The hospital is named after Gerald D. Champion, a local businessman and civic leader who was chairman of the Otero County Hospital Association during the fund drive for the first building.
Champion died in a private airplane crash on February 3, 1948, during the fund drive.
In addition to chairing the fund drive, Champion was mayor of Tularosa, operated hardware and building supply stores in Alamogordo and in Tularosa, was chairman of the Central Committee of the state Republican Party, and was active in many civic groups.

===Transition to regional medical center===
The hospital moved to a new building on Scenic Drive near the New Mexico State University Alamogordo campus in 1999,
and changed its name to Gerald Champion Regional Medical Center.
The original building remained vacant for several years and when no use could be found for it was torn down in 2003.

The new building was constructed at 152000 sqft at a construction cost of $25,841,000. It won Building Design & Construction magazine's Grand Award: Institutional in 2000. The program manager was American Health Facilities Development (a subsidiary of Quorum Health Resources), the architects were Collins Reisenbichler Architects (since merged with Perkins and Will), and the general contractor was Robins & Morton.

GCRMC celebrated its 60th anniversary on August 22, 2009, with the opening of a renovated entryway and a new obstetrics unit. In 2011, the hospital filed for Chapter 11 bankruptcy protection.

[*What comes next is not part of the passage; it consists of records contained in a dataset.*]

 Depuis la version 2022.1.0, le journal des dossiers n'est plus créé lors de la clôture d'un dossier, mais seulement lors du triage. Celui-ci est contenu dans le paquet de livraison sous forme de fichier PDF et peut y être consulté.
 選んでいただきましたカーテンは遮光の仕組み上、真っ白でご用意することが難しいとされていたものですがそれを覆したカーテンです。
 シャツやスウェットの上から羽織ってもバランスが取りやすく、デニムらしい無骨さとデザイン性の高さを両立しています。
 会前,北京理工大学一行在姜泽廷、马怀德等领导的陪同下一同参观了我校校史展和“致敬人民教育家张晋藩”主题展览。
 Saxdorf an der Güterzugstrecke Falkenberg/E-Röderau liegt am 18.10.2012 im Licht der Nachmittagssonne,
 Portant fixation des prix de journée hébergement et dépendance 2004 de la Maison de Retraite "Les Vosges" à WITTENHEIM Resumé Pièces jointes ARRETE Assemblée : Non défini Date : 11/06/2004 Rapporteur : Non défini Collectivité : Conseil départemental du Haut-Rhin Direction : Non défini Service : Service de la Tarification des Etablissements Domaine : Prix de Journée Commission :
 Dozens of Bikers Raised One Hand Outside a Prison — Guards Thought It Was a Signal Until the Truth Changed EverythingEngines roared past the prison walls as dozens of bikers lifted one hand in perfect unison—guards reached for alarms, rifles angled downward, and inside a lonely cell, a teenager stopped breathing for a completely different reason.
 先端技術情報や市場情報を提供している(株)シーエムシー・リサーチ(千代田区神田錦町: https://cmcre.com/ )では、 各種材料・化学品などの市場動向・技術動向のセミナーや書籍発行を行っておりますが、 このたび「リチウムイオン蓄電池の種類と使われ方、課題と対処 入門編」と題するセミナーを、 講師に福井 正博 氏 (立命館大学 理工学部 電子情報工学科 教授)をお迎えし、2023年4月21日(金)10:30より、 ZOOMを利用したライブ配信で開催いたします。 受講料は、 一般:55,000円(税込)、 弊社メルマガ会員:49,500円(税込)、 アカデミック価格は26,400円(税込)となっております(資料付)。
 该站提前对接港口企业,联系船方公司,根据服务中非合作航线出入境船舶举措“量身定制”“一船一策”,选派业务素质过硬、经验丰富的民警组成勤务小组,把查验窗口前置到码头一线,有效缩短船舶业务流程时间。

== Acquisition by CHRISTUS Health ==
On June 30, 2023, Gerald Champion Regional Medical Center (GCRMC) announced an agreement to join CHRISTUS Health, a Catholic, not-for-profit health system based in Irving, Texas. The acquisition became effective on July 1, 2023, aiming to preserve and enhance high-quality healthcare in the Alamogordo area. CHRISTUS Health committed to investing in capital improvements, expanding recruitment and retention efforts, and growing clinical capabilities at GCRMC.

The merger included plans for CHRISTUS Health to fund a new local foundation with a $240 million donation and invest $100 million in capital over ten years to support GCRMC's operations and services.